[See my post with Edelman on AI takeover and Aaronson on AI scenarios. This is rough, with various fine print, caveats, and other discussions missing. Cross-posted on Windows on Theory.]

 
One challenge for considering the implications of “artificial intelligence,” especially of the “general” variety, is that we don’t have a consensus definition of intelligence.
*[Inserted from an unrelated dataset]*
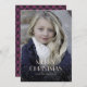 Le buffle pourpre neige plaid photo carte de Noël avec de la neige sur une photo sur le devant. Un buffle violet plaça un arrière - plan à l'arrière. Personnalisez facilement cette carte photo de Noël avec votre photo, texte et le nom de famille. Créez une photo magique Joyeuse carte de Noël pour votre famille et vos amis cette période de fêtes.

The Oxford Companion to the Mind states that “there seem to be almost as many definitions of intelligence as experts asked to define it.”  Indeed,  in a recent discussion, Yann LeCun and Yuval Noah Harari offered two different definitions. However, it seems many people agree that:

  1. Whatever intelligence is, more computational power or cognitive capacity (e.g., a more complex or larger neural network, a species with a larger brain)  leads to more of it. 
  2. Whatever intelligence is, the more of it one has, the more one can impact one's environment. 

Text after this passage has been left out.